Stochastic optimization algorithms with variance reduction have proven successful for minimizing large finite sums of functions. However, in the context of empirical risk minimization, it is often helpful to augment the training set by considering random perturbations of input examples. In this case, the objective is no longer a finite sum, and the main candidate for optimization is the stochastic gradient descent method (SGD). In this paper [26], we introduce a variance reduction approach for this setting when the objective is strongly convex. After an initial linearly convergent phase, the algorithm achieves a $O\left(1/t\right)$ convergence rate in expectation like SGD, but with a constant factor that is typically much smaller, depending on the variance of gradient estimates due to perturbations on a single example.

#### QuickeNing: A Generic Quasi-Newton Algorithm for Faster Gradient-Based Optimization

Participants : Hongzhou Lin, Julien Mairal, Zaid Harchaoui [University of Washington] .

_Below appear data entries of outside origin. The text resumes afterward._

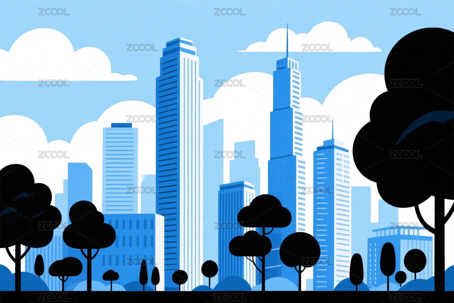 扁平风格,平面,插画,背景,城市,建筑,秋天,现代,高楼大厦,树林
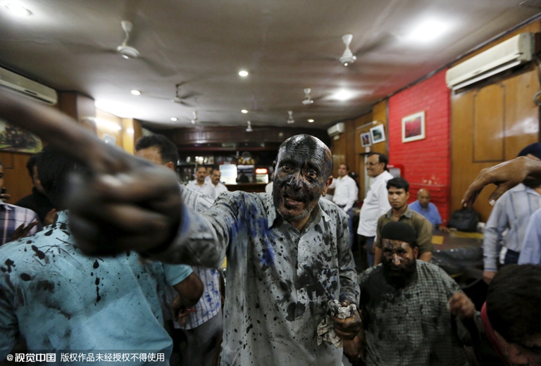 当地时间2015年10月19日,印度新德里,克什米尔议员Sheikh Abdul Rashid因支持吃牛肉遭活动家愤怒泼墨。(图片来源:CFP视觉中国)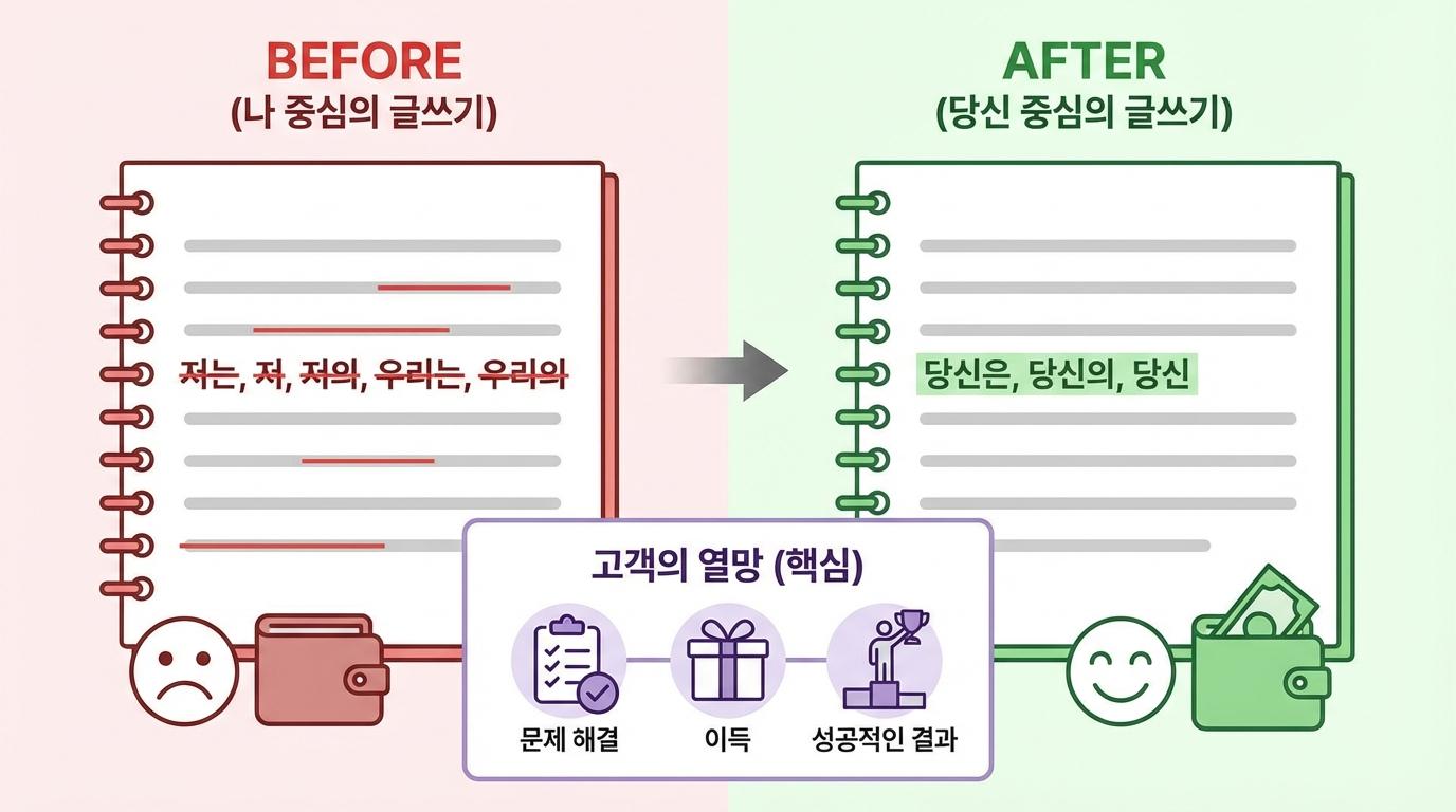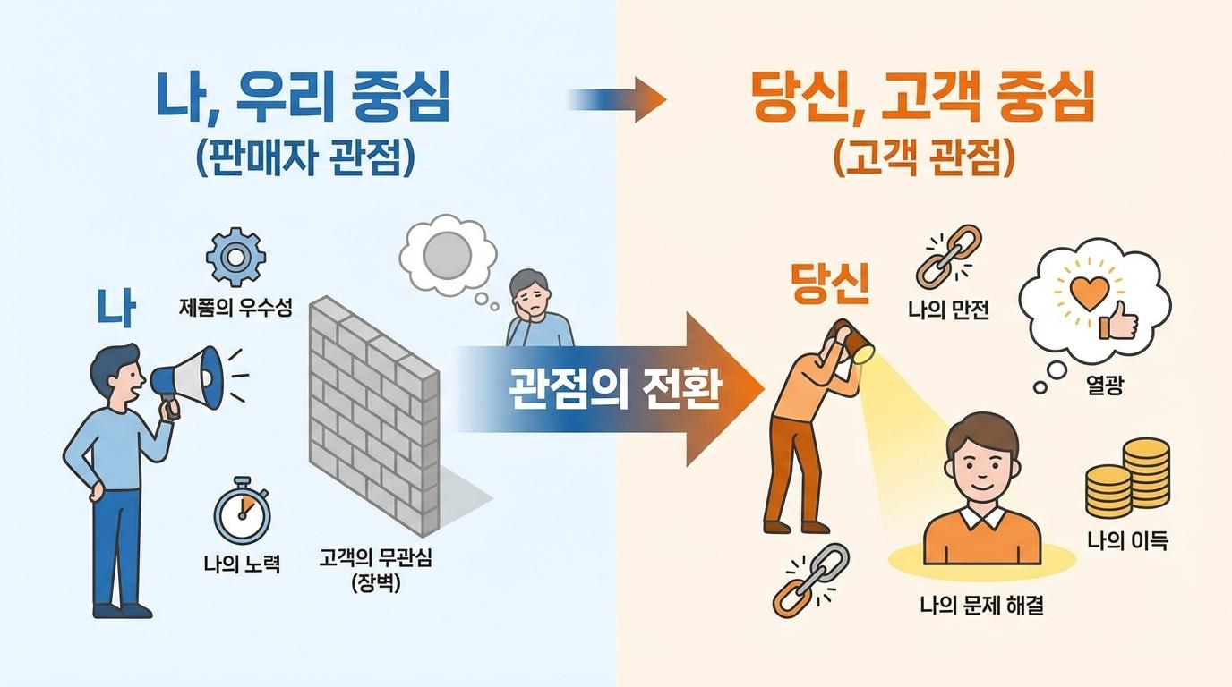 따라서 효과적인 마케팅 글쓰기를 위해서는 ‘나’ 중심의 관점에서 벗어나 철저히 ‘당신(고객)’ 중심의 관점으로 전환해야 합니다. 고객은 당신의 자녀가 어떤지, 당신이 얼마나 힘든 하루를 보냈는지 궁금해하지 않습니다. 그들은 오직 자신의 문제 해결과 이득에만 관심이 있습니다. 이 냉정한 현실을 직시하는 것이 고객의 마음을 움직이는 가장 기본적인 원칙입니다.

In this paper [28], we propose an approach to accelerate gradient-based optimization algorithms by giving them the ability to exploit curvature information using quasi-Newton update rules. The proposed scheme, called QuickeNing, is generic and can be applied to a large class of first-order methods such as incremental and block-coordinate algorithms; it is also compatible with composite objectives, meaning that it has the ability to provide exactly sparse solutions when the objective involves a sparsity-inducing regularization. QuickeNing relies on limited-memory BFGS rules, making it appropriate for solving high-dimensional optimization problems; with no line-search, it is also simple to use and to implement. Besides, it enjoys a worst-case linear convergence rate for strongly convex problems. We present experimental results, see Figure 14, where QuickeNing gives significant improvements over competing methods for solving large-scale high-dimensional machine learning problems.

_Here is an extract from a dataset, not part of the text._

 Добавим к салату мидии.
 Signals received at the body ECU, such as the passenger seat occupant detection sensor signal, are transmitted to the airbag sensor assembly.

Figure 14. Relative duality gap for different number of passes performed over dataset covtype.

#### Dictionary Learning from Phaseless Measurements

Participants : Julien Mairal, Yonina Eldar [Technion] , Andreas Tillmann [TU Darmstadt] .

In [22], [12], we propose a new algorithm to learn a dictionary for reconstructing and sparsely encoding signals from measurements without phase. Specifically, we consider the task of estimating a two-dimensional image from squared-magnitude measurements of a complex-valued linear transformation of the original image. Several recent phase retrieval algorithms exploit underlying sparsity of the unknown signal in order to improve recovery performance. In this work, we consider such a sparse signal prior in the context of phase retrieval, when the sparsifying dictionary is not known in advance. Our algorithm jointly reconstructs the unknown signal—possibly corrupted by noise—and learns a dictionary such that each patch of the estimated image can be sparsely represented. Numerical experiments demonstrate that our approach can obtain significantly better reconstructions for phase retrieval problems with noise than methods that cannot exploit such “hidden” sparsity. Moreover, on the theoretical side, we provide a convergence result for our method.